The PR's scope was adding a recency filter to `recall()` — an ~~80-line feature change. Instead it shipped ~~80 feature lines plus 5 unsolicited `.gitignore` modifications that have nothing to do with the task.
Why this matters
- Failure mode: first-glance PR review bounce. An operator reviewing the PR sees `C:*` (a Windows drive-letter glob) being added to the `.gitignore` of a Cloudflare Worker repo on a Linux/WSL host. That's obviously wrong, obviously unrelated to the task, and makes the rest of the PR look careless even when the feature work is correct.
- `node_modules/` is usually a no-op dup — most target repos already have this line, so the addition is noise.
- `C:*` is a leaked WSL/Windows path from the operator's host environment — it doesn't belong in any checked-in gitignore.
- This affects EVERY task's PR, not just one. It's a framework-level contamination that compounds across the cc-task fleet.
- Trust trial cost. The first taskrunner trial (memory#11) had to be audited specifically for this.

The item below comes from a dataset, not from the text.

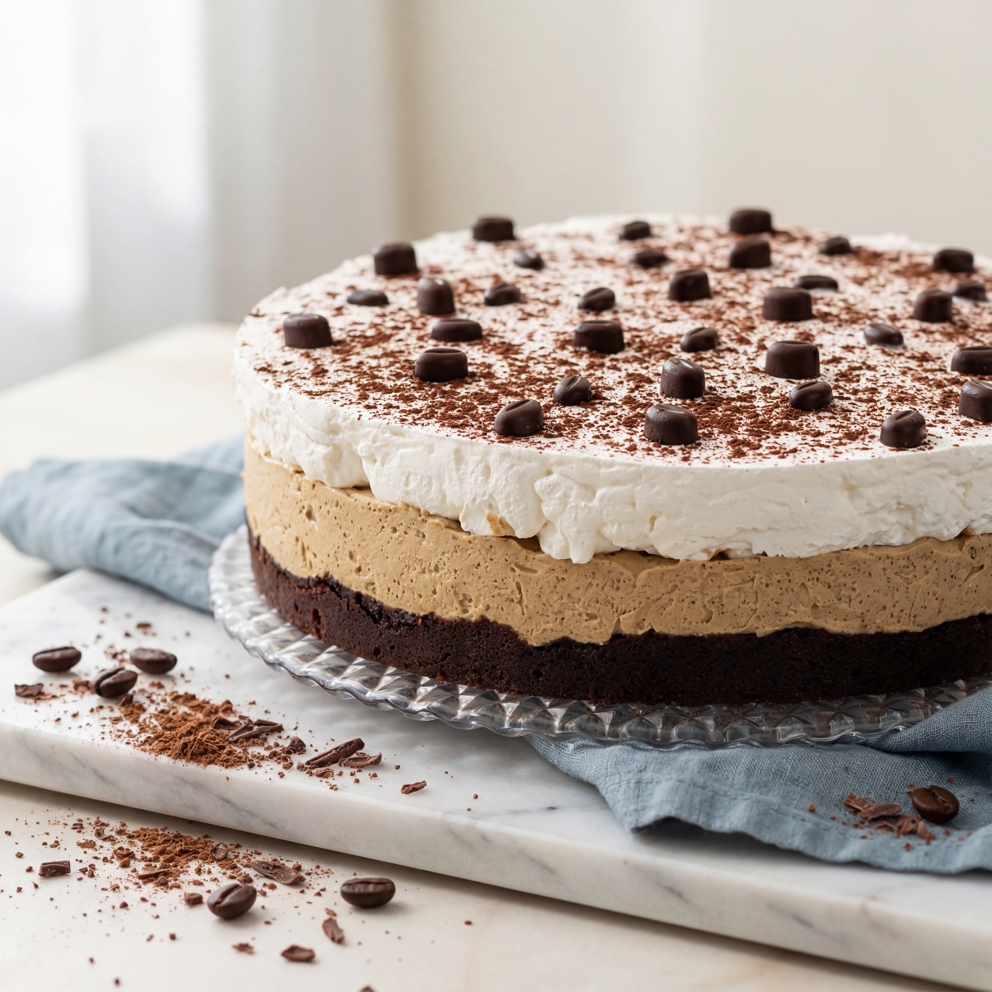 Kakaowy, mocno wilgotny biszkopt muśnięty kwaśną konfiturą porzeczkową, następnie krem kawowy z dodatkiem ajerkoniaku z bezą w środku, zwieńczony delikatną, bitą śmietaną, oprószony kawą.

Every subsequent operator review will cost the same attention.
Root cause (hypothesis, not verified)
The taskrunner is applying a worktree-protection `.gitignore` layer during container setup to prevent its own tooling state (Windows path leakage, pnpm store, Python bytecode) from getting picked up by git in the worktree. Then it forgets to unstage those changes before running `git add` / committing the feature work, so the worktree-local `.gitignore` edits end up in the PR.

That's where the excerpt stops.